Pride does Not Equal Munchausen by Proxy
When I was posted different autism memes showing how great he is, my aunt accused me of having muchausen's by proxy. She apparently came to that conclusion with the help of my toxic mother. They both claimed "You want him to have autism." Why would I want him to be any other way but himself? It did not make much sense to me. To this day I cannot forgive this. I still talked to her on occasion.
Children Deserve Autonomy
Shortly after this, I graduated from college with my Associates of Science in Veterinary Technology. Bug, Roo and my niece I had custody of at the time were there. We made a 4 hour drive. My aunt, her husband, my cousins, my parents, my husband and children were there. The ceremony was great. No one made a scene. My children picked out a teddy bear for me with my college's logo. It was great. We then went to a restaurant. It was a big deal graduating because I was told all my life I would not graduate from high school or amount to anything. It was a few days before my father's birthday. They made it about his birthday and not my accomplishments. My aunt accused me of being selfish for being upset about it. Then my father would not stop touching Bug and yelled at him for having a meltdown He was 2! We knew he was autistic but no diagnosis yet. My aunt and cousin scolded me for telling him what he did wrong.
About 4 years ago, my parents came over for the holidays, on Christmas day. My brother came from London.
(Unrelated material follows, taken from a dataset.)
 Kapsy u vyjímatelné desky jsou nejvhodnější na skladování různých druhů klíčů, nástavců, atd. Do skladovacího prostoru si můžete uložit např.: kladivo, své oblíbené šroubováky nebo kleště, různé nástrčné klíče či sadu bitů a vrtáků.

Just hearing my parents voice gave me severe anxiety. I was heavily medicated when they came. My father decided to tickle Bug. Bug does not like to be touched. I teach my kids autonomy and consent. At this point he was able to formulate words when in distress. He was able to tell my father "I don't like that and I don't like you." My parents went crying to my aunt and told me I was wrong for telling Bug that he did well for advocating for himself. I cut my parents off at this point. I was still talking to my aunt but not giving her much to go on.
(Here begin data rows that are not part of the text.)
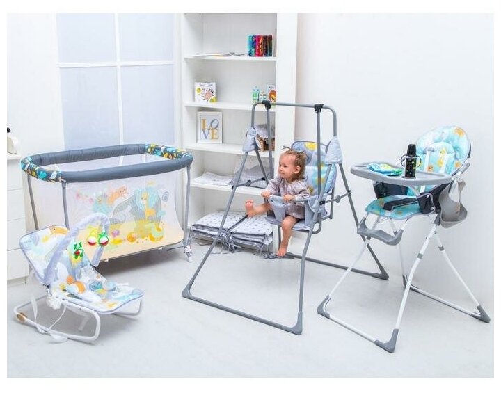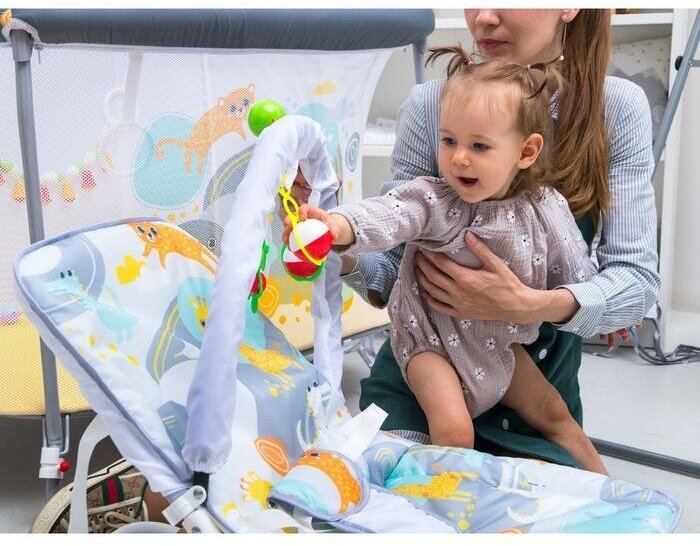 Шезлонг - качалка для новорождённых «Веселые зверята», игровая дуга, игрушки микс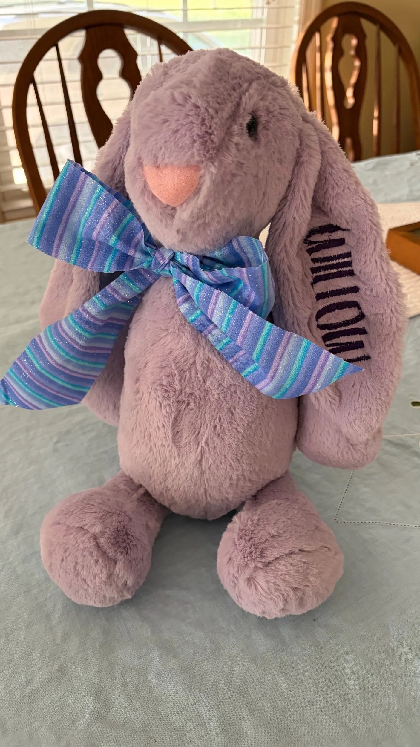 Shop › Easter Bunny Image 1 of 1 Easter Bunny $18.00 Easter Bunny with name embroidered on ear Color: Cream Purple Blue White Add To Cart Added! Easter Bunny with name embroidered on ear
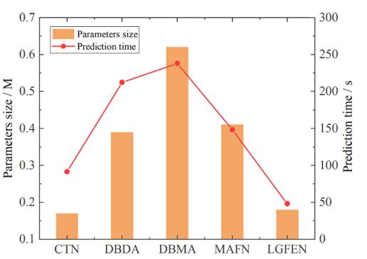 如圖8所示。從模型參數(shù)來看,LGFEN的參數(shù)數(shù)量與CTN相似;與DBDA、DBMA和MAFN相比,LGFEN的參數(shù)數(shù)量較少。從模型預(yù)測時間的角度來看,LGFEN消耗的時間成本更低,說明LGFEN在保證分類精度的同時具有更高的計算效率。

Support My Activism or Not?
When I started my media appearances, she had told my parents about them. I had no idea at the time. She was very supportive of my MMS work. I was guarded but I told her about some things.
Just yesterday, I was browsing facebook and I saw a video she uploaded to facebook. I could not believe what I saw. It was pseudoscience propaganda. She has shard some anti vax before but this one was bad. It was a lot of misinformation about COVID19, MMS , 5G and Italy all rolled into one. This is what did it.
Here make the judgement for yourself:
After watching this, I was fighting shutdown and a meltdown at the same time. For a person who showed me to be supportive of my work and knew about all the threats and abuse I go through (I don't talk about it due to not wanting them to see that it affects me) she would even think of uploading this. Sorry my video downloader wouldn't download it so I screen recorded it.
I am just done allowing toxicity in my life. I will continue living my life fighting for what is right.